We have discovered several bugs in the AIX TCP stack and one in the UDP
stack.

BUG 1:  (fall 2000)
  AIX stack bos.net.tcp.client.4.3.3.27
  The behavior can be consistently reproduced.
  When configured with sack=1 and tcp_newreno=0, a data transfer
  from the AIX host (e.g., ttcp, ftp) to a non-sack host over a lossy
  link will HANG.  netstat -a shows

  tcp4       0  16060  stingray.ccs.orn.36252 cm-208-160-120-1.commp ESTABLISHED

  tcpdump's at both the receiver and transmitter side shows that
  a packet drop has occured and the receiver is sending dup ACK's.
  The AIX transmitter, doesn't do a re-transmit after the 3rd dup ACK,
  nor does it ever timeout and re-transmit that packet. it just hangs forever!
  The failure happens everytime there is packet loss, and we demonstrated
  it to differernt hosts over other lossy links.
  We also watched with SO_DEBUG and AIX reports:
  ...
  675 ESTABLISHED:input 20d9a54b@11152cb3(win=7c00)<ACK> -> ESTABLISHED
  678 ESTABLISHED:input 20d9a54b@11152cb3(win=7c00)<ACK> -> ESTABLISHED
  980 ESTABLISHED:input 20d9a54b@11152cb3(win=7c00)<ACK> -> ESTABLISHED
  175 ESTABLISHED:user SLOWTIMO<PERSIST> -> ESTABLISHED
  685 ESTABLISHED:user SLOWTIMO<PERSIST> -> ESTABLISHED
  195 ESTABLISHED:user SLOWTIMO<PERSIST> -> ESTABLISHED
  ....

  With sack=0 on the AIX host, the same test proceeds "normally".
  There are retransmissions after 3rd dup ACK (and some timeouts
  if multiple drops within a window -- i.e., normal "reno" behavior).

  Also if the target host is sack-capable, then the transfer follows
  normal behavior: SACK acks and retransmits and no timeouts.

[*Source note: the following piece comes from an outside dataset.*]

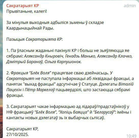Заява ад фракцыі “Воля” і большасьці ад яе спіса, пакінуўшай КР 26 кастрычніка 2025:Паводле п.3.3 Ст…

  In January, 2001, IBM provided patches to fix the problem.

BUG 2:  (fall 2000)
  AIX stack bos.net.tcp.client.4.3.3.27
  When configured with tcp_newreno=1 and sack =0, a data transfer
  from the AIX host (e.g., ttcp, ftp) over a lossy link does
  not do fast retransmit.  This is a more subtle problem, resulting
  in lower throughput.

  tcpdump's at both the receiver and transmitter side shows that
  when a packet drop occurs and the AIX box receives duplicate ACKs,
  it does NOT do a retransmit after the 3rd dup ACK, rather it eventually
  times out and retransmits.

  The behavior is the same if sack=1 and the receiver is not sack-capable.

  In January, 2001, IBM provided patches to fix the problem.

BUG 3
  summer, 2001.  In our TCP-over-UDP client/server, an AIX client will,
  in the middle of the UDP flows, send an "ICMP port unreachable", causing
  the remote server to fail.  The AIX client continues to run, doing
  "timeout re-transmits", and the port is still there.  So it is a 
  transient (race?) condition seen so far only on the AIX GigE interface.

  Actually, the AIX server (probesrv) will also send unexpected ICMP's.
  The client shouldn't really stop (becasue neither have "connected"
  UDP ports), but Linux 2.2 get "connection refused" -- fixed in 2.4
  kernel.